• [DATA FOR ANALYSIS]
+===+
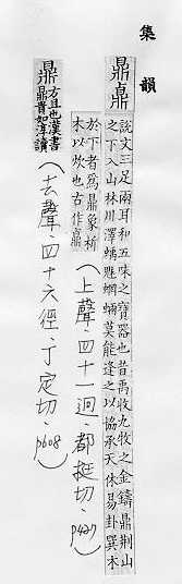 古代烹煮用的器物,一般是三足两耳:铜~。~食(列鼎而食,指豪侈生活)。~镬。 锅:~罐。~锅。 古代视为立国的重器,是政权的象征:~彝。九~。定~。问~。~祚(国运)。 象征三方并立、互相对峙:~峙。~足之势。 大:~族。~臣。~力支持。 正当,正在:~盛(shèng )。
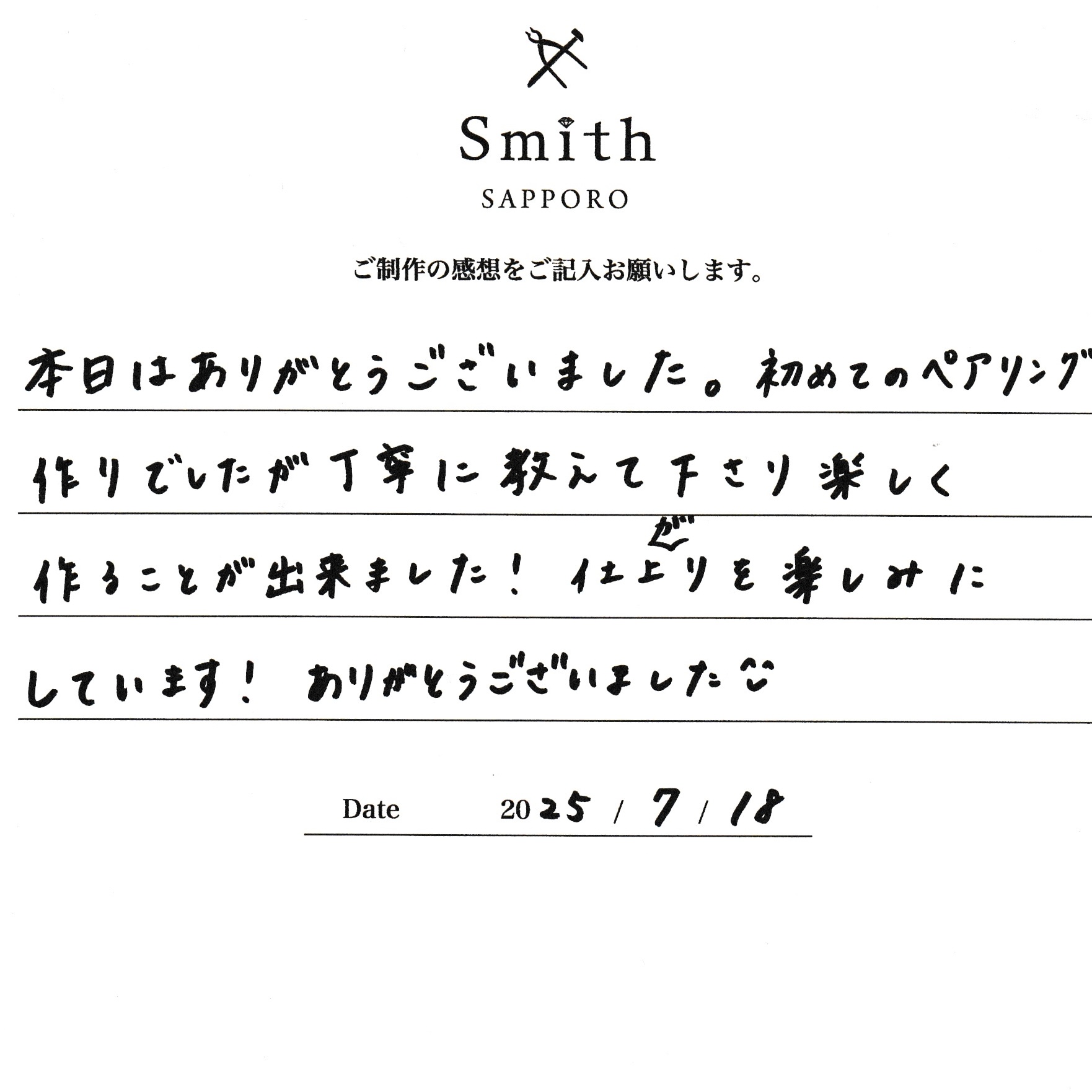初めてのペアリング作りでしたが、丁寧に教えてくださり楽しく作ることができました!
+===+
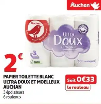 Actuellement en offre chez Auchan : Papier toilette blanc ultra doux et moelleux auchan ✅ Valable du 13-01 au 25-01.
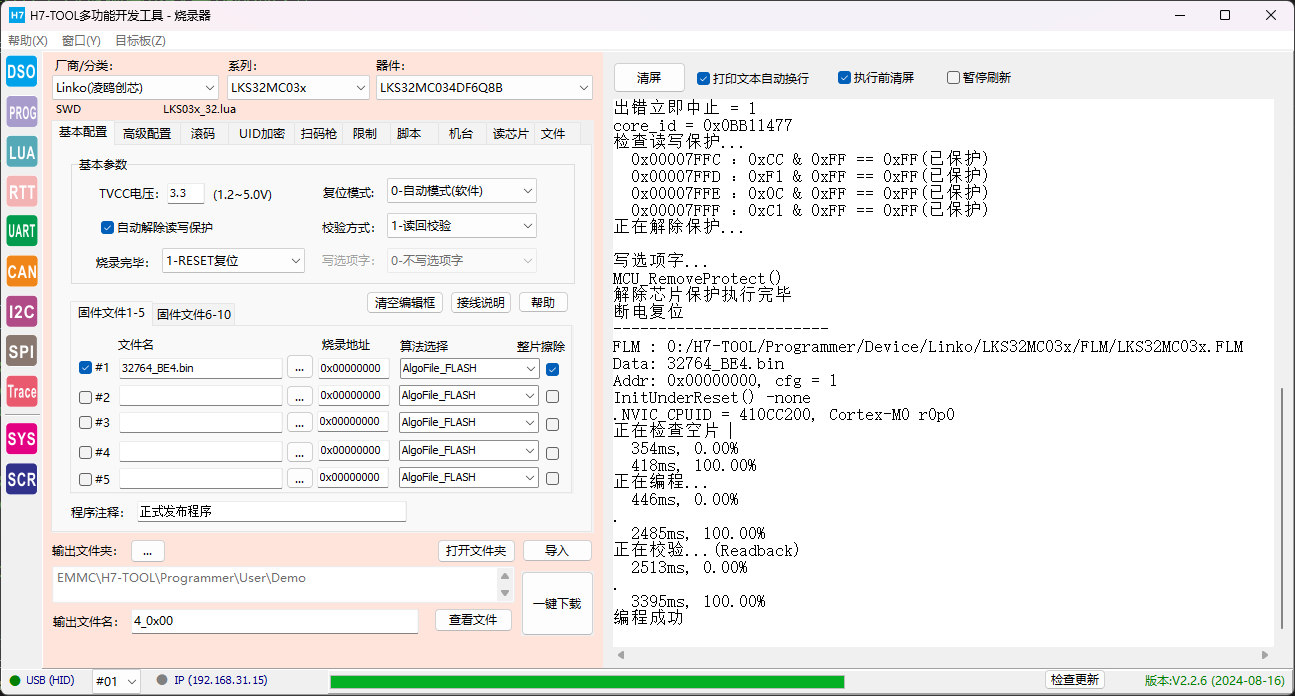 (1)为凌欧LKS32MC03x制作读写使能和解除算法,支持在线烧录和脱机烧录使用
+===+
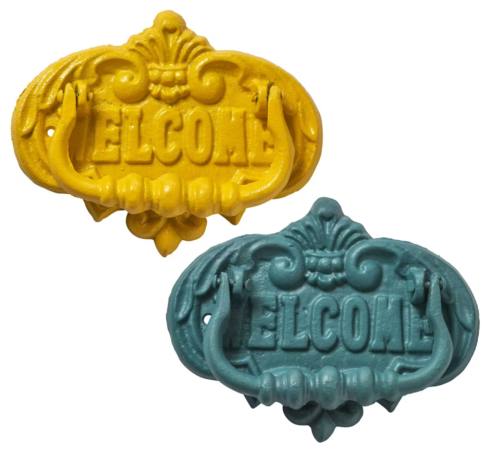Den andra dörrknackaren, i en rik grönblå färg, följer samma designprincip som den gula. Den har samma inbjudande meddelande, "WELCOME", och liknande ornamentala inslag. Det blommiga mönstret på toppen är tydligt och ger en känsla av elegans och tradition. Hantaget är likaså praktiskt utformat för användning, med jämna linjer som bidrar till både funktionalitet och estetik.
+===+
• [PROBLEM TO WORK ON] Would you output the lines above from the line holding "大:~族。~臣。~力支持。 正当,正在:~盛(shèng )。" up to and including the line holding "初めてのペアリング作りでしたが、丁寧に教えてくださり楽しく作ることができました!", exactly and only those, with no pictures?

• [SOLUTION FOR THIS EXERCISE]
 古代烹煮用的器物,一般是三足两耳:铜~。~食(列鼎而食,指豪侈生活)。~镬。 锅:~罐。~锅。 古代视为立国的重器,是政权的象征:~彝。九~。定~。问~。~祚(国运)。 象征三方并立、互相对峙:~峙。~足之势。 大:~族。~臣。~力支持。 正当,正在:~盛(shèng )。
初めてのペアリング作りでしたが、丁寧に教えてくださり楽しく作ることができました!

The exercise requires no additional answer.